Monday, April 21, 2008

Lisey's Story

Though i have read many books of different writers especially books by Stephen King, his novel 'Lisey's Story' fascinated me in a strange way. For once, Stephen King author defied my imagination as I couldnt visualize where the story plot is headed to yet every page posed a challenge and my curiosity as a reader made me want to make sense of the strangest terms that are used as intimate expressions of language such as 'blood bool' and 'babyluv' and many more. Writing books seemed to come naturally to the author.

In this novel, two hidden worlds are explored, one is the private life of a recently assassinated best-selling writer, as seen from the perspective of his widow. The second relates to imaginative landscape that is part of the reality the writer is believed to have experienced in his childhood and related it to his wife,Lisey.

Lisey is hounded after his death not just by memories but by academics, dangerously obsessed fans, and fame-struck people who just wont let her heal in peace as she sorts through her husband's numerous papers.

Her discovery of his parallel, fantasy world Boo'ya Moon is one that bafffled my understanding yet i longed to understand more of this fabled, terrorized land that Scott the deceased author sought his healing from.

It takes some time for a reader like me to understand where the story is heading to although many critics do state that this reads like a biographer's novel. It's not a straight forward kind of novel in which you can guess what is happening and what is likely to happen towards the end.

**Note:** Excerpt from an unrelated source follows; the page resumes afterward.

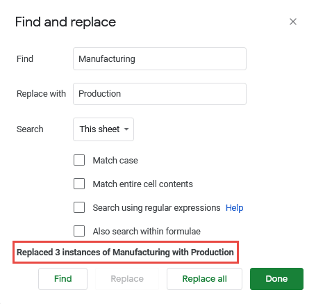 Using this function in our example sheet, we can replace the word Production with Manufacturing.
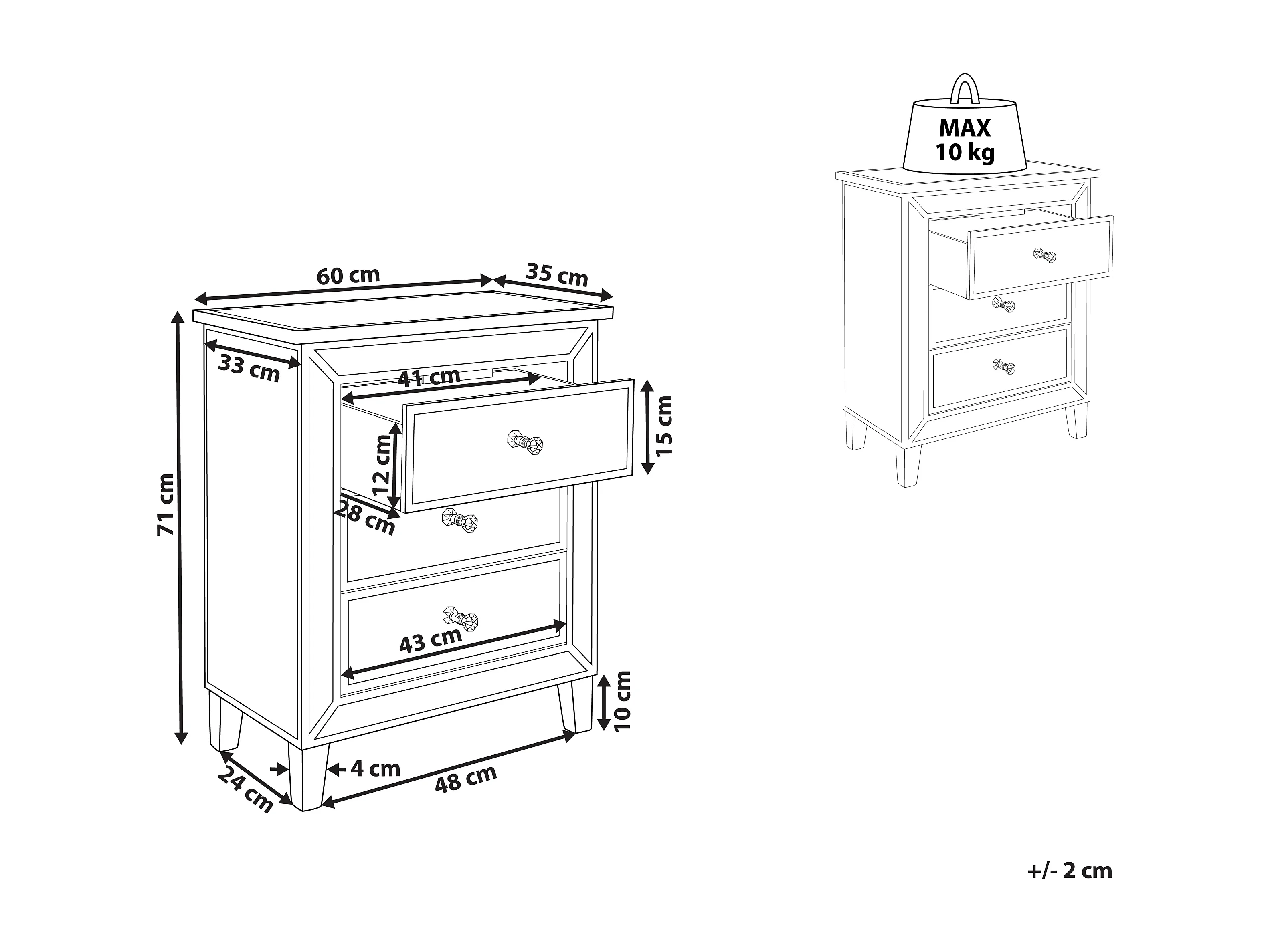 Ladekast 3 lades BREVES Spiegelend zilver

In no other Western writer's novel, the profound experience and eccentricity that a widow experiences has been so subtly and powerfully documented as she realizes that much as she wished she had met some ordinary computer engineer guy than an eccentric writer who used eccentric words, the widow finds herself unable to accept widowhood,the loss of a shared married life. In several places, the novel is chilling but its a book that defies predictability, explores new horizons of the fantasy world that may be alive in most of our sub conscious minds. I am nearing the end of this novel but i dont want to the novel to end because Lisey's life and pain and weaknesses have been travelling with me in most of my leisure hours. I have felt Lisey's confusion and trembled for her safety....i cant believe that at the end of it, the novel is over and Lisey herself is gone.